Metformin does seem to be one of the latest fads in the Covid Long Hauler communities.

I also developed insulin resistance when I got MECFS. One of the few abnormal results I got from blood tests. The others were elevated prolactin, elevated cholesterol and low cortisol.

 

[Jonathan Edwards]

I agree that this looks unhelpfully speculative. Identifying a treatment strategy requires well run trials and until then we have nothing to offer. Suggestions that different people may need different treatments is premature. You can only identify who is most likely to respond to one thing or another after you have shown that those things work, and is significantly more difficult even than doing that.

 

[Turtle]

I agree that this looks unhelpfully speculative. Identifying a treatment strategy requires well run trials and until then we have nothing to offer.
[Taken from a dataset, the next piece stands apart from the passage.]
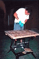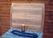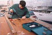 On the boat put in the two missing screws ( 2 ½") on the two main hatch runners, and then put in the 8 iroko plugs with epoxy. Needs the boat leveling up perfectly, to enable the mast step to be sanded down perfectly level, for the tabernacle to be seated properly. Weather was so hot today, even the breeze was not enough. It was really too hot to do anything. The coolest place was sat in the cockpit. The bilges and lockers were hoovered out. 19/8/95. Not been down the last two weekends. When we got home from the boat on the Sunday evening, two weeks ago, we set to epoxying in place the hatch lats in the back garden. Epoxy and gloves, acetone setup. 120 small (10mm) iroko plugs sorted out. The 120 screws were part screwed into all the lats in readiness. It was getting dusk, and ended up working with the garden light on. There was 15 lats in total, and the epoxy job was such that all needed epoxying in place in one job. Resin and microfibres mixed in readiness. We had to work swiftly though to get all 15 lats in place, in order, and screwed down with the Makita, being careful not to get epoxy other than where it was needed. When we come to put the dowel plugs in, what a palaver. The dowels were a tight fit, and would not go in the holes if there was epoxy already in there. So all 120 screw holes had to be cleared of epoxy, and having soaked the 120 dowels in epoxy, hammered them into place in the holes. Then as best we could we scraped as much surplus epoxy as we could. By now 11:30pm and cleared up and just in time to obtain a Chinese.
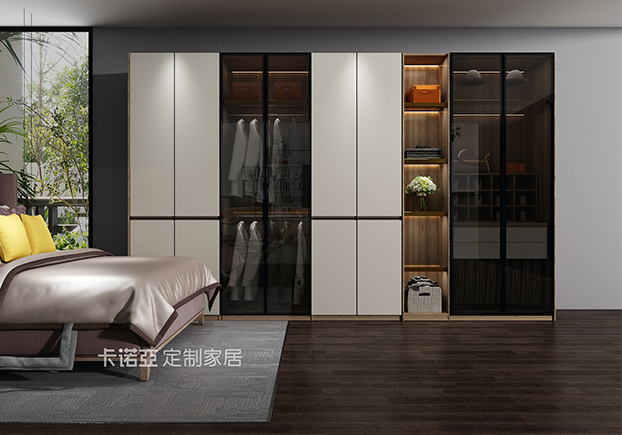 臥室比較沉穩(wěn)大氣,玻璃門半開放式衣柜黑白相間,空間空曠開放,有點(diǎn)極簡風(fēng)。

Suggestions that different people may need different treatments is premature. You can only identify who is most likely to respond to one thing or another after you have shown that those things work, and is significantly more difficult even than doing that.

Well run trials; wouldn't that be nice!! Problem as always is the money to do such a trial.
Just anecdotal n=1.
When I got metformin for diabetes my muscle pain was less. Not 3 or 4 days, but half that. Really welcome.
I wouldn't want everyone to wait, 5 or 10 years, for good trials results with loads of participants.
I wish everyone less pain.
Who did not try way worse pills? Do ask your doctor first.